6. Must not knowingly commit or consent to any other person knowingly committing a substantial violation of the rental agreement.
If a tenant is found by the court to have violated paragraph 4 above, the tenant is subject to a civil penalty in an amount equal to two times the monthly rent, in addition to whatever amount is awarded to the landlord in damages, attorney’s fees and court costs.
According to the renters rights New Mexico law sets, there are a variety of remedies available to the tenant if the landlord breaches the agreement. The following are some of the remedies available to the tenant.
1. The tenant may terminate the lease if the breach includes non-compliance with the rental agreement or non-compliance with NM landlord tenant law which materially affects health or safety.

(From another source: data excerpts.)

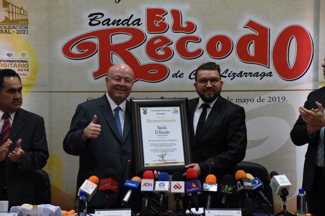 CULIACÁN, Sin.- La Universidad Autónoma de Sinaloa (UAS) entregó un merecido reconocimiento a la conocida como la “Madre de todas las bandas”, Banda El Recodo de Cruz Lizárraga, para agradecer la difusión cultural y el rescate de las tradiciones al llevar la música por todo el mundo a lo largo de ocho décadas que este año están cumpliendo.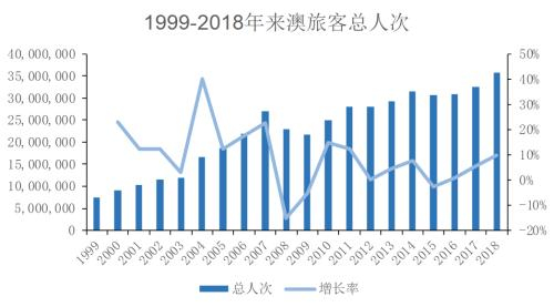 ▼ 澳门旅游总人数连续19年高速增长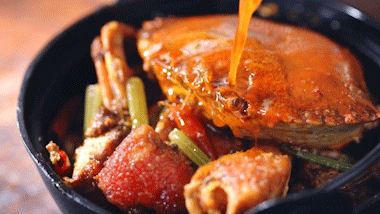汤汁都埋在了肥美的蟹膏里,肉质弹嫩,吃下去满嘴鲜香,汤汁还能拌白米饭。手指上的香味,躺被窝里还能再舔一遍:)
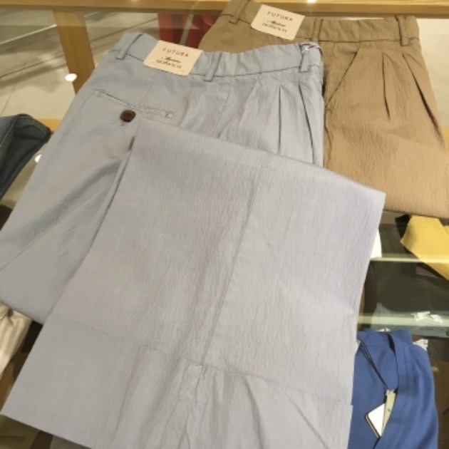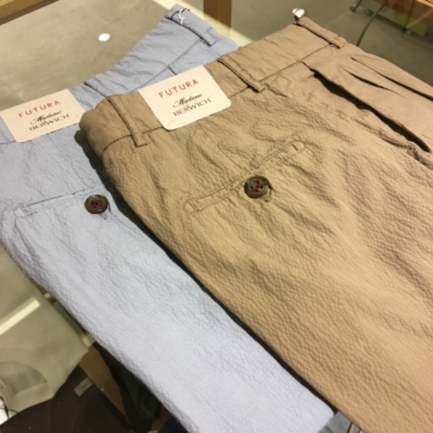 ストレッチの効いたシアサッカー生地です。季節感もあっていいですね。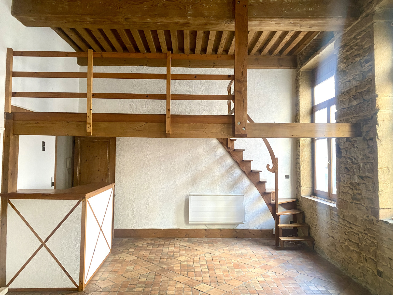 Sur le plateau de la Croix-Rousse, nous vous proposons ce T2 transformable en T3 à rénover. Logé au 1er étage sans ascenseur, il se compose d'une pièce de vie éclairée par 4 fenêtres avec une petite mezzanine, une cuisine semi-ouverte, une salle de bain avec un wc et une chambre de plain pied avec une mezzanine. Vous aurez la possibilité de créer une seconde chambre de plain pied afin d'obtenir un vrai T3. Vous profiterez d'une proximité immédiate avec la Grande Rue de la Croix-Rousse et toutes ses commodités.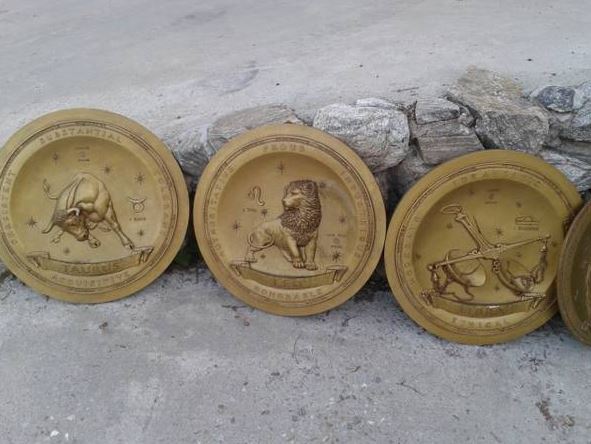 I have these unique 2 foot diameter size three dimensional wall placards - 10 of them all different horoscopes.

The tenant must give the owner written notice of the acts or omissions constituting the breach. The notice should state that the rental agreement will terminate in seven days if the acts or omissions are not remedied within that time. If the owner does not make a reasonable effort to remedy the problems within those seven days, the rental agreement is terminated, and the owner must return the balance, if any, of pre-paid rent, or deposit, to which the tenant is entitled.
2. If the tenant does not wish to terminate the lease, the tenant may abate the rent. To abate the rent means withholding the rent and not paying. In addition, the tenant may sue to recover damages or obtain an injunction against the landlord for any material noncompliance by the owner with the rental agreement or New Mexico law. If the tenant prevails, then the tenant should also be awarded reasonable attorney’s fees and court costs.
It is important to note that the tenant cannot give a seven-day notice and abate the rent during the same rental period. The tenant must choose which remedy they want to pursue.
For other provisions of the New Mexico landlord tenant law, visit the website for the office of the New Mexico Attorney General’s Consumer Protection Division and always consult an attorney before entering into any legal agreement.